### PROBLEM STATEMENT
Pictures aside, return every line below exactly as written.

### INPUT FOR THIS TASK
=-=-=

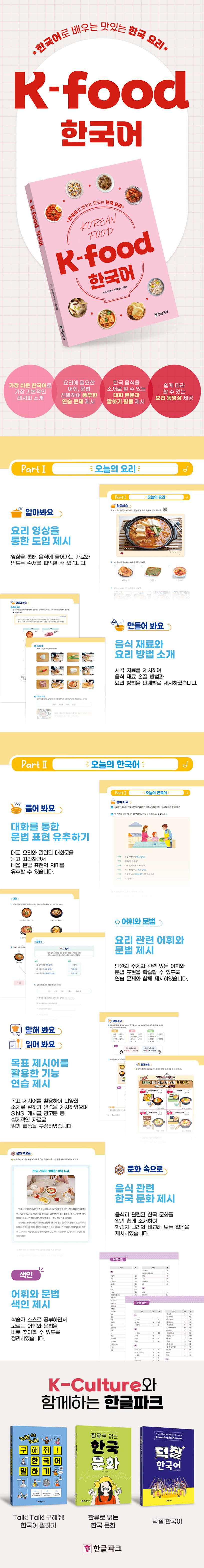 전 세계적으로 한국 음식의 인기가 나날이 높아지고 있습니다. 한국 영화, 드라마에 나오는 맛있는 음식들과 함께 한국어를 더 잘 알게 되고 재미있게 배울 수 있으면 얼마나 좋을까요? 한국어를 배우면서 한국 음식을 직접 만드는 방법도 배울 수 있으면 더 좋겠지요? 그래서 이 책이 만들어졌습니다. 이 책은 한국 음식과 한국어를 배우고 싶어 하는 학습자들을 위해 개발된 책입니다.
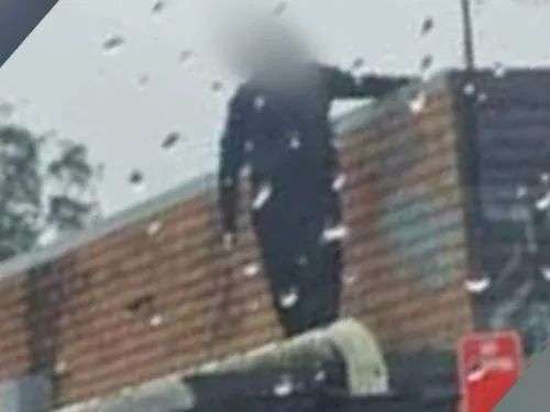 “视频里有一个全身穿黑衣的人,他站在店铺的房顶上,然后跳到后面去了。”
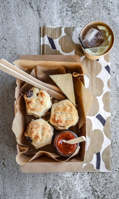 Hearty, cheesy scones, studded with Italian flavours. Served with tangy tomato relish and a wedge of vintage cheddar, these make a delicious light meal or
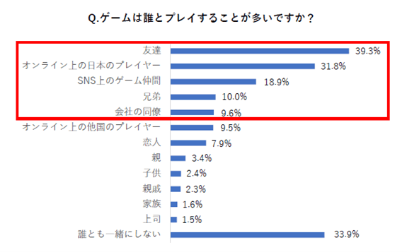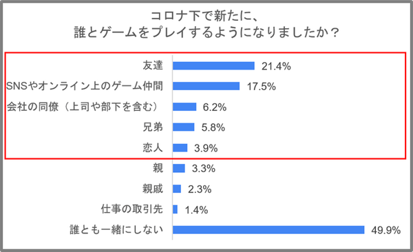 「コロナ下で新たに、誰とゲームをプレイするようになりましたか?」と質問をしたところ、「友達(21.4%)」が最多、次いで「SNSやオンライン上のゲーム仲間(17.5%)」という結果となった。
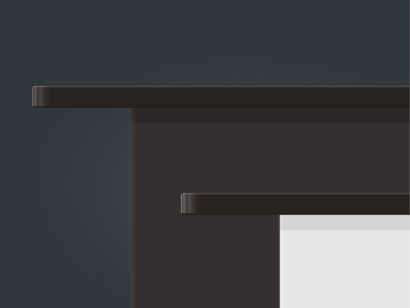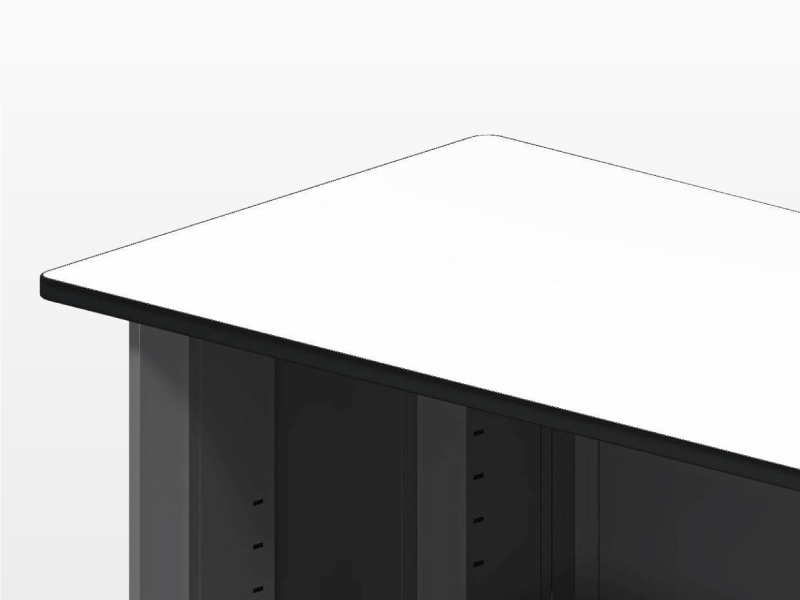 スチール製の天板は15mmの薄さ。スラント形状※の側板とあいまって、スリムでスマートなデザイン。
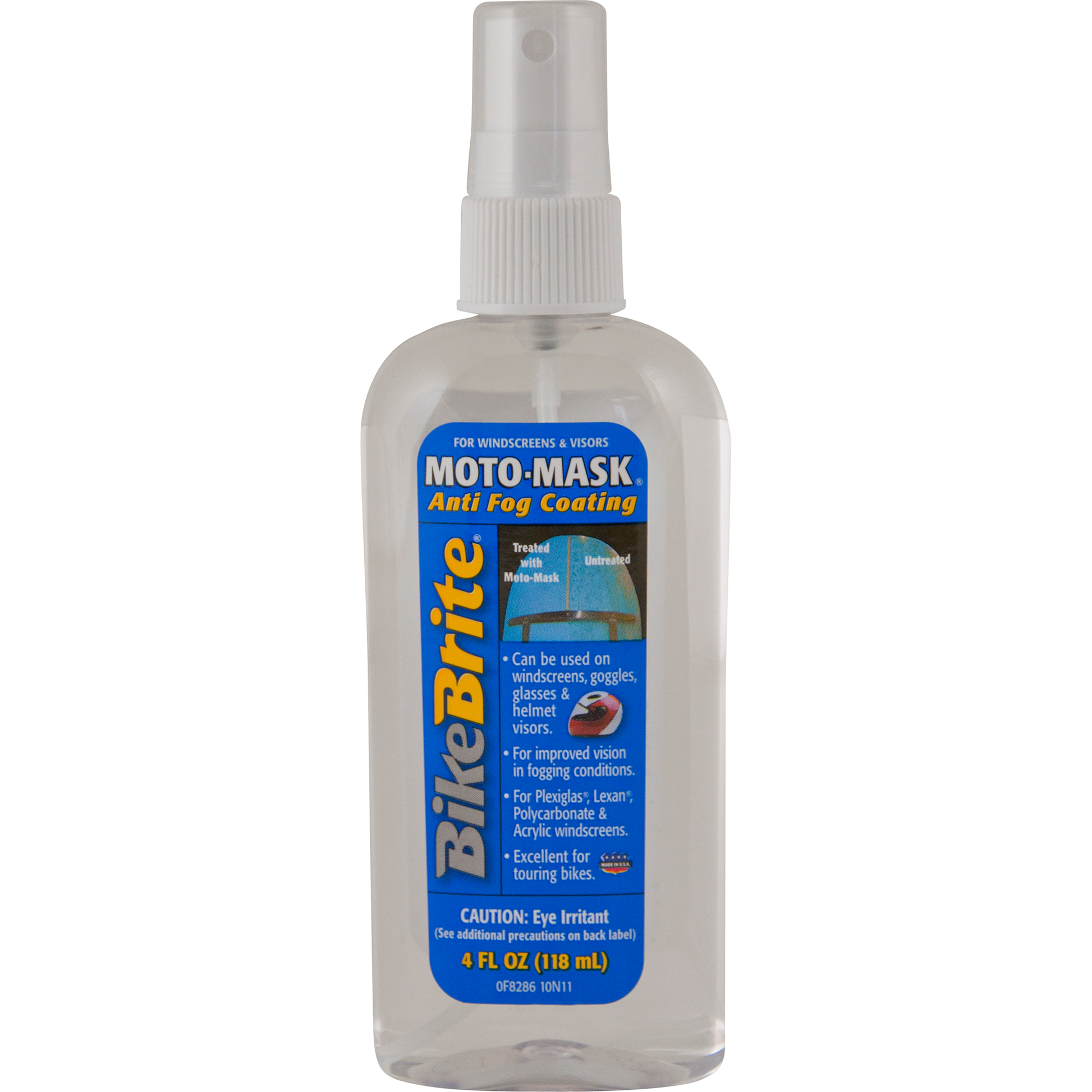 Bike Brite's® Moto Mask® Anti-Fog Coating is good for windscreens, visors, goggles and more. Improves vision on a fogging windscreen due to adverse weather conditions. Can be used on Plexiglas®, Lexan®, Polycarbonate and Acrylic windscreens. Just spray on surface wipe gently to cover entire area and let dry. Great for Touring Bikes. Store away on your Motorcycle as a safety product and add to your roadside safety kit. Made in the U.S.A.

=-=-=

### YOUR RESPONSE
 전 세계적으로 한국 음식의 인기가 나날이 높아지고 있습니다. 한국 영화, 드라마에 나오는 맛있는 음식들과 함께 한국어를 더 잘 알게 되고 재미있게 배울 수 있으면 얼마나 좋을까요? 한국어를 배우면서 한국 음식을 직접 만드는 방법도 배울 수 있으면 더 좋겠지요? 그래서 이 책이 만들어졌습니다. 이 책은 한국 음식과 한국어를 배우고 싶어 하는 학습자들을 위해 개발된 책입니다.
 “视频里有一个全身穿黑衣的人,他站在店铺的房顶上,然后跳到后面去了。”
 Hearty, cheesy scones, studded with Italian flavours. Served with tangy tomato relish and a wedge of vintage cheddar, these make a delicious light meal or
 「コロナ下で新たに、誰とゲームをプレイするようになりましたか?」と質問をしたところ、「友達(21.4%)」が最多、次いで「SNSやオンライン上のゲーム仲間(17.5%)」という結果となった。
 スチール製の天板は15mmの薄さ。スラント形状※の側板とあいまって、スリムでスマートなデザイン。
 Bike Brite's® Moto Mask® Anti-Fog Coating is good for windscreens, visors, goggles and more. Improves vision on a fogging windscreen due to adverse weather conditions. Can be used on Plexiglas®, Lexan®, Polycarbonate and Acrylic windscreens. Just spray on surface wipe gently to cover entire area and let dry. Great for Touring Bikes. Store away on your Motorcycle as a safety product and add to your roadside safety kit. Made in the U.S.A.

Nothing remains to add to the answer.